I updated MySQL and got the same results:

mysql> select version();
+-----------+
| version() |
+-----------+
| 8.0.23    |
+-----------+
1 row in set (0.00 sec)

mysql> show fields from BroadcastLog;
+---------------+--------------+------+-----+---------+----------------+
| Field         | Type         | Null | Key | Default | Extra          |
+---------------+--------------+------+-----+---------+----------------+
| id            | int unsigned | NO   | PRI | NULL    | auto_increment |
| broadcast_id  | int unsigned | YES  | MUL | NULL    |                |
| author_id     | int unsigned | YES  | MUL | NULL    |                |
| type          | int          | NO   | MUL | NULL    |                |
| origin        | int          | YES  | MUL | NULL    |                |
| date_created  | datetime     | NO   |     | NULL    |                |
| date_modified | datetime     | NO   |     | NULL    |                |
| log_text      | text         | NO   |     | NULL    |                |
| json_data     | text         | YES  |     | NULL    |                |
| old_status    | int unsigned | YES  | MUL | NULL    |                |
| new_status    | int unsigned | YES  | MUL | NULL    |                |
+---------------+--------------+------+-----+---------+----------------+
11 rows in set (0.00 sec)

mysql> alter table BroadcastLog modify log_text varchar(2048);
Query OK, 6939076 rows affected, 1 warning (3 min 22.64 sec)
Records: 6939076  Duplicates: 0  Warnings: 1

mysql> show warnings;
+-------+------+---------------------------------------------------+
| Level | Code | Message                                           |
+-------+------+---------------------------------------------------+
| Note  | 1246 | Converting column 'log_text' from VARCHAR to TEXT |
+-------+------+---------------------------------------------------+
1 row in set (0.01 sec)

mysql> show fields from BroadcastLog;
+---------------+--------------+------+-----+---------+----------------+
| Field         | Type         | Null | Key | Default | Extra          |
+---------------+--------------+------+-----+---------+----------------+
| id            | int unsigned | NO   | PRI | NULL    | auto_increment |
| broadcast_id  | int unsigned | YES  | MUL | NULL    |                |
| author_id     | int unsigned | YES  | MUL | NULL    |                |
| type          | int          | NO   | MUL | NULL    |                |
| origin        | int          | YES  | MUL | NULL    |                |
| date_created  | datetime     | NO   |     | NULL    |                |
| date_modified | datetime     | NO   |     | NULL    |                |
| log_text      | mediumtext   | YES  |     | NULL    |                |
| json_data     | text         | YES  |     | NULL    |                |
| old_status    | int unsigned | YES  | MUL | NULL    |                |
| new_status    | int unsigned | YES  | MUL | NULL    |                |
+---------------+--------------+------+-----+---------+----------------+
11 rows in set (0.02 sec)

I will note one difference I saw in the output, which could have an alternate explanation: it now asys "6939076 rows affected" instead of "0 rows affected". Although I spent a couple hours trying to make sense of this behavior so I had already run multiple ALTER TABLE statements before I even started this SO thread. It's possible you only get rows affected the first time you try to change the column and I just missed it. It's also possible MySQL 8 just uses a different metric for "affected rows" and has different output.

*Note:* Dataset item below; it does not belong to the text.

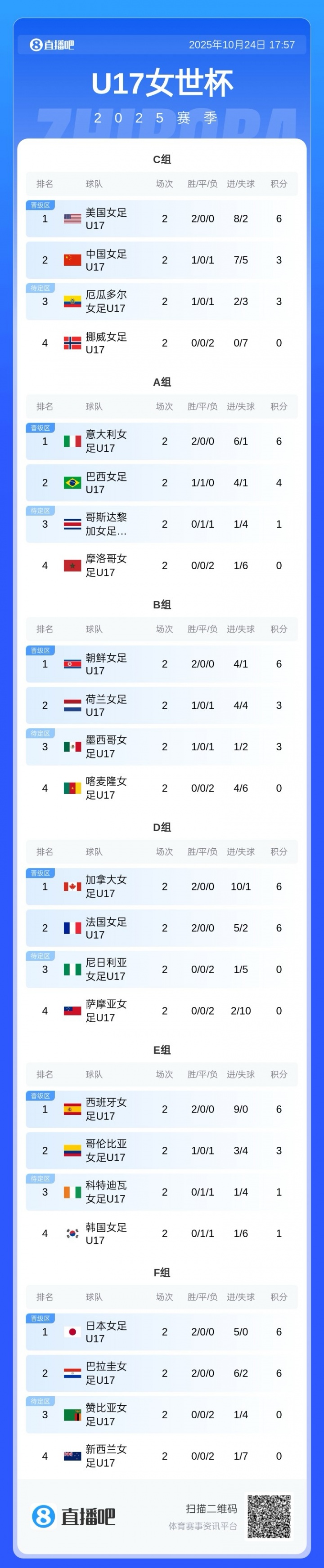 本届U17女足天下杯共有24队分为6个小组,每组前二以及4个得益最佳的小组第三构成16强。若中国女足U17末轮退让,则可能需要以小组第三的身份与其他队比拟战绩。

Either way, still not converting to VARCHAR for some reason

stevendesu
  • 15,753
  • 22
  • 105
  • 182
  • Can you show the full `SHOW CREATE TABLE` version and not the `DESCRIBE` summary? Tip: Use `\G` to get clean output. If this is a MyISAM table, that might explain a lot. – tadman Mar 02 '21 at 21:41
  • I updated the post with my CREATE TABLE statement. It's an InnoDB table, not MyISAM. – stevendesu Mar 02 '21 at 21:52
  • Next logical question: What MySQL version? Support for >255 characters is a "new" thing, so if you're using something like 5.6 or older it might not work. – tadman Mar 02 '21 at 21:52
  • @tadman Updated again with the MySQL version. It's 5.7.31 – stevendesu Mar 02 '21 at 21:53
  • Not sure if you can do a quick test on 8.0 but that quirk may have been resolved. I've never used >255 on MySQL because it's had a history of being fussy about it. I can only test here on 8.0 and it seems fine. – tadman Mar 02 '21 at 21:55
  • @tadman I can test out MySQL 8.0 tomorrow morning. Work day is ending :/ But the database is running in Docker so I just need to spin it up with a different image and then re-import all of the data (which takes about 20 minutes) – stevendesu Mar 02 '21 at 21:59
  • Check out this one https://stackoverflow.com/questions/332798/equivalent-of-varcharmax-in-mysql If you used a mult-byte character set such as UTF-8 then may be your data won't fit into a varchar column. But it may fit into a text column. – Onur Baştürk Mar 02 '21 at 22:25
  • @tadman MySQL VARCHAR has supported up to 65,535 bytes since version 5.0.3 (2005-03-23). That's "new"? Cf. https://docs.oracle.com/cd/E17952_01/mysql-5.0-relnotes-en/news-5-0-3.html – Bill Karwin Mar 02 '21 at 22:51
  • @BillKarwin Ah, you're right. I'm probably thinking of the issues with UTF-8 handling on indexed large columns where the 768 character limit kicks in. – tadman Mar 03 '21 at 00:58
  • 1
    @tadman I've tested with MySQL 8.0 this morning -- still can't convert to `VARCHAR`. No explanation as to why – stevendesu Mar 03 '21 at 15:52

2 Answers2

5

After some further experimentation and research, I figured out why MySQL wasn't allowing me to convert these field types. The issue for my specific case of only trying to make a VARCHAR(2048) is caused by a poorly configured MySQL instance, but the issue in general could apply to anyone trying to make a VARCHAR(16378) or larger with default configuration.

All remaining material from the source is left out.